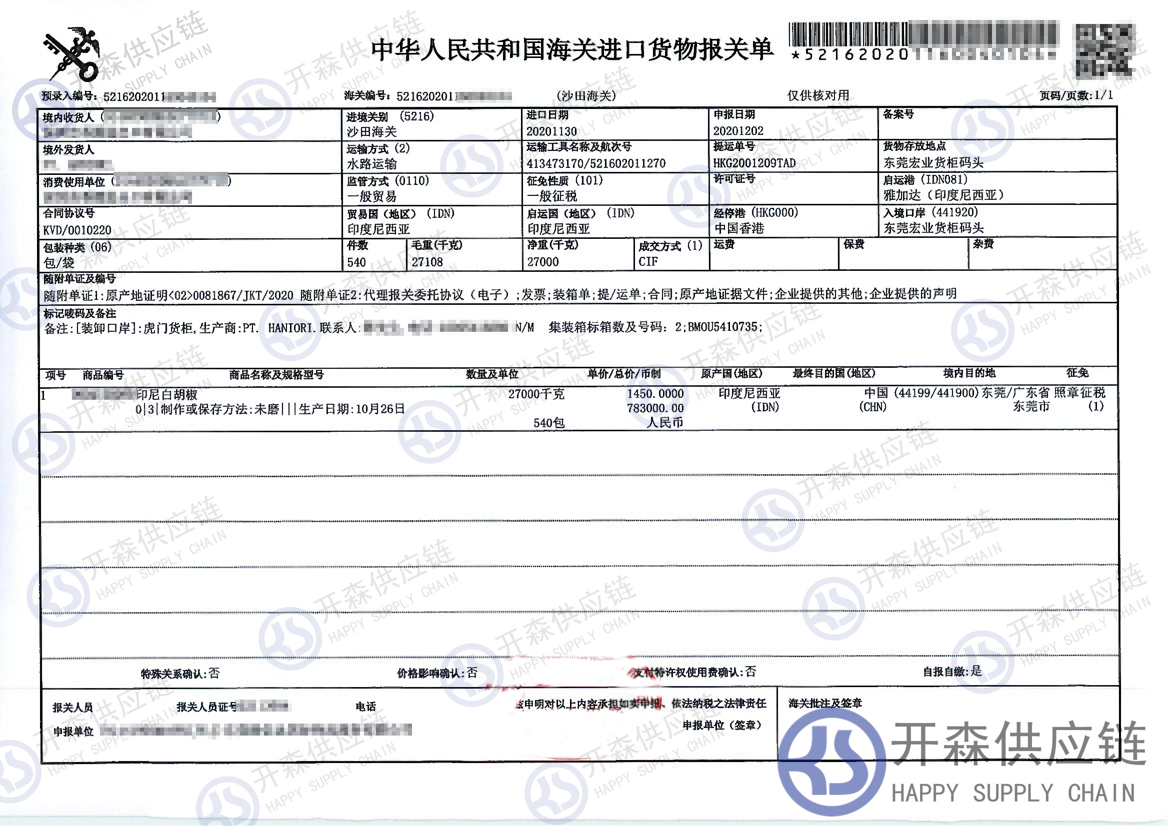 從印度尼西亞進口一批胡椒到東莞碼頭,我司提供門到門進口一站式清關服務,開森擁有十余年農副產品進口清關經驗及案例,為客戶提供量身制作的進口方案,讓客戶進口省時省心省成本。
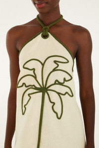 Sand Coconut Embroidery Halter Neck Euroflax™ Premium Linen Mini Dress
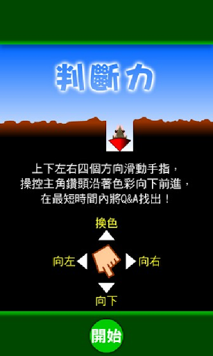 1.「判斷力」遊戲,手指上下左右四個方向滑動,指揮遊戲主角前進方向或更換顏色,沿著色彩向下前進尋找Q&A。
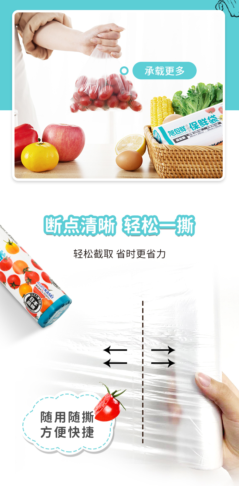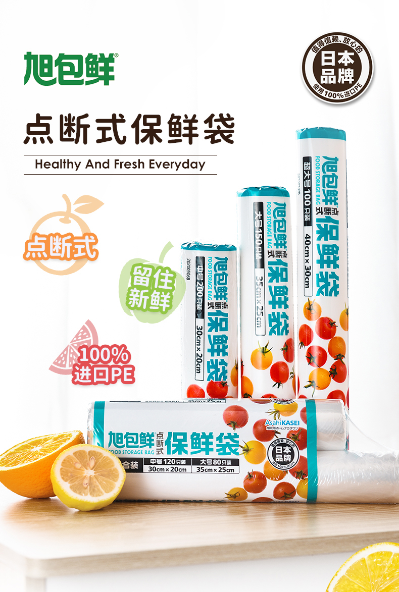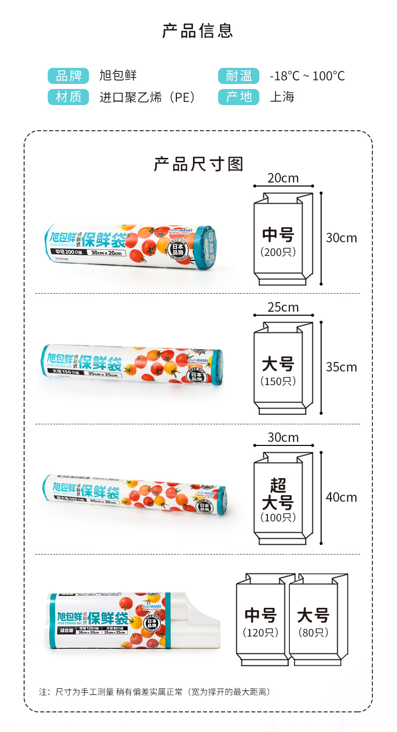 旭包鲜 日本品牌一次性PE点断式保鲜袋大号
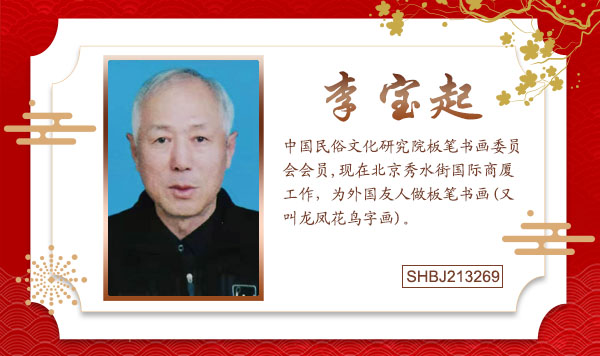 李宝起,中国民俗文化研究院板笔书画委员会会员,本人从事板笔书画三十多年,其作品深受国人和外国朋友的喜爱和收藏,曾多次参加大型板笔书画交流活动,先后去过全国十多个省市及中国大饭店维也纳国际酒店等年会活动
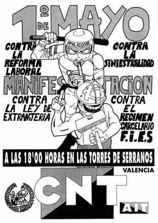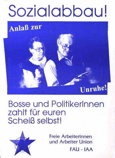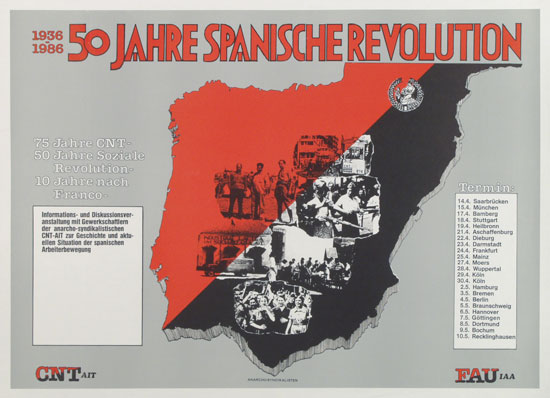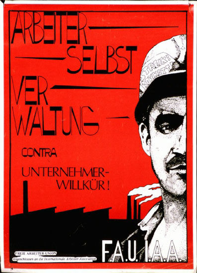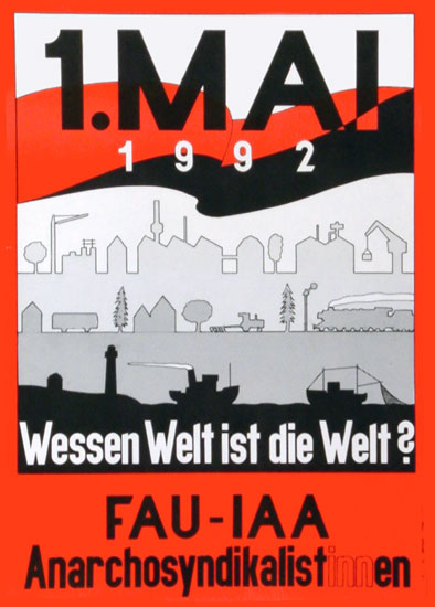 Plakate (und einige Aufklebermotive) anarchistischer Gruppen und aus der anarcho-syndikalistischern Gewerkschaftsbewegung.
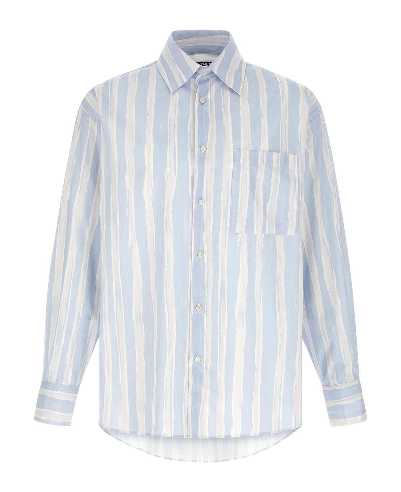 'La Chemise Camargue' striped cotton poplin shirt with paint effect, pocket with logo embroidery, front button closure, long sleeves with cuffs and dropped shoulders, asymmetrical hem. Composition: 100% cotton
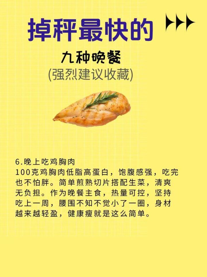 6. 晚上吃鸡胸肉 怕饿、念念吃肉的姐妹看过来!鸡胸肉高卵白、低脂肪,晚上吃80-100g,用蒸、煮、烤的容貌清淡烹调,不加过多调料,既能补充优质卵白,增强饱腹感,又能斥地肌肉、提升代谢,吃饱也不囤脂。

:::::

TASK: Give back, word for word, the lines from the one with "李宝起,中国民俗文化研究院板" to the end of the records above, and no pictures.

RESULT OF THE TASK:
 李宝起,中国民俗文化研究院板笔书画委员会会员,本人从事板笔书画三十多年,其作品深受国人和外国朋友的喜爱和收藏,曾多次参加大型板笔书画交流活动,先后去过全国十多个省市及中国大饭店维也纳国际酒店等年会活动
 Plakate (und einige Aufklebermotive) anarchistischer Gruppen und aus der anarcho-syndikalistischern Gewerkschaftsbewegung.
 'La Chemise Camargue' striped cotton poplin shirt with paint effect, pocket with logo embroidery, front button closure, long sleeves with cuffs and dropped shoulders, asymmetrical hem. Composition: 100% cotton
 6. 晚上吃鸡胸肉 怕饿、念念吃肉的姐妹看过来!鸡胸肉高卵白、低脂肪,晚上吃80-100g,用蒸、煮、烤的容貌清淡烹调,不加过多调料,既能补充优质卵白,增强饱腹感,又能斥地肌肉、提升代谢,吃饱也不囤脂。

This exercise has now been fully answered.